/---

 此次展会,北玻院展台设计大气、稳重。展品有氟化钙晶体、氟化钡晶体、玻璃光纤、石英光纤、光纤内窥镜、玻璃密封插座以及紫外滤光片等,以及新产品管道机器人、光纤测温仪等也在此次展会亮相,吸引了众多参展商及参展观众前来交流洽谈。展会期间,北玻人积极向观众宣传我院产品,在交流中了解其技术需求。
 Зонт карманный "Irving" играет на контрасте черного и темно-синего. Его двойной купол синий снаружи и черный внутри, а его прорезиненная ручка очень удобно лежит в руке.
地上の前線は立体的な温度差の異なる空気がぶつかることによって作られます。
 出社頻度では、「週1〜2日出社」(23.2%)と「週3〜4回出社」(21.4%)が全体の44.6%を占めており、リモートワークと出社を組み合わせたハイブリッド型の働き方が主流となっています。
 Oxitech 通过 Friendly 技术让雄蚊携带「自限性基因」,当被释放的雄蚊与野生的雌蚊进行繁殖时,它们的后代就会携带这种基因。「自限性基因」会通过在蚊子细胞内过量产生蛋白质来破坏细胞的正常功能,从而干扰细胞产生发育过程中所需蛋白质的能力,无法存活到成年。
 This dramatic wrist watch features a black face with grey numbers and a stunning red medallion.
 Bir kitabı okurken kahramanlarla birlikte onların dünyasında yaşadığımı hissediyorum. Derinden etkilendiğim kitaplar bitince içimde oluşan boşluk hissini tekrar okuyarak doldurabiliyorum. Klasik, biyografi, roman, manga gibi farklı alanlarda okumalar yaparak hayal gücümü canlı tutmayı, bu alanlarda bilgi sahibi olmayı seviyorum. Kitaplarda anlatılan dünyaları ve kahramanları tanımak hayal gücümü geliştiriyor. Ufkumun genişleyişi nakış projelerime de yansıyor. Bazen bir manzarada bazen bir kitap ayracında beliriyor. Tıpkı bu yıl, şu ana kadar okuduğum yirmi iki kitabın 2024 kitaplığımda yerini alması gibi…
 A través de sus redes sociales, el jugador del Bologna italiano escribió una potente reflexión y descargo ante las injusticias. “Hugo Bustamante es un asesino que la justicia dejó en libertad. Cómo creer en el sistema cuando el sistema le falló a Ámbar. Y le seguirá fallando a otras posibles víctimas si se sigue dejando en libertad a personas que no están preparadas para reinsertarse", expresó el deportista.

\---

### [GOAL OF THE EXERCISE]
Repeat the data in full, keeping each word exactly as it is.

### [REPLY]
 此次展会,北玻院展台设计大气、稳重。展品有氟化钙晶体、氟化钡晶体、玻璃光纤、石英光纤、光纤内窥镜、玻璃密封插座以及紫外滤光片等,以及新产品管道机器人、光纤测温仪等也在此次展会亮相,吸引了众多参展商及参展观众前来交流洽谈。展会期间,北玻人积极向观众宣传我院产品,在交流中了解其技术需求。
 Зонт карманный "Irving" играет на контрасте черного и темно-синего. Его двойной купол синий снаружи и черный внутри, а его прорезиненная ручка очень удобно лежит в руке.
地上の前線は立体的な温度差の異なる空気がぶつかることによって作られます。
 出社頻度では、「週1〜2日出社」(23.2%)と「週3〜4回出社」(21.4%)が全体の44.6%を占めており、リモートワークと出社を組み合わせたハイブリッド型の働き方が主流となっています。
 Oxitech 通过 Friendly 技术让雄蚊携带「自限性基因」,当被释放的雄蚊与野生的雌蚊进行繁殖时,它们的后代就会携带这种基因。「自限性基因」会通过在蚊子细胞内过量产生蛋白质来破坏细胞的正常功能,从而干扰细胞产生发育过程中所需蛋白质的能力,无法存活到成年。
 This dramatic wrist watch features a black face with grey numbers and a stunning red medallion.
 Bir kitabı okurken kahramanlarla birlikte onların dünyasında yaşadığımı hissediyorum. Derinden etkilendiğim kitaplar bitince içimde oluşan boşluk hissini tekrar okuyarak doldurabiliyorum. Klasik, biyografi, roman, manga gibi farklı alanlarda okumalar yaparak hayal gücümü canlı tutmayı, bu alanlarda bilgi sahibi olmayı seviyorum. Kitaplarda anlatılan dünyaları ve kahramanları tanımak hayal gücümü geliştiriyor. Ufkumun genişleyişi nakış projelerime de yansıyor. Bazen bir manzarada bazen bir kitap ayracında beliriyor. Tıpkı bu yıl, şu ana kadar okuduğum yirmi iki kitabın 2024 kitaplığımda yerini alması gibi…
 A través de sus redes sociales, el jugador del Bologna italiano escribió una potente reflexión y descargo ante las injusticias. “Hugo Bustamante es un asesino que la justicia dejó en libertad. Cómo creer en el sistema cuando el sistema le falló a Ámbar. Y le seguirá fallando a otras posibles víctimas si se sigue dejando en libertad a personas que no están preparadas para reinsertarse", expresó el deportista.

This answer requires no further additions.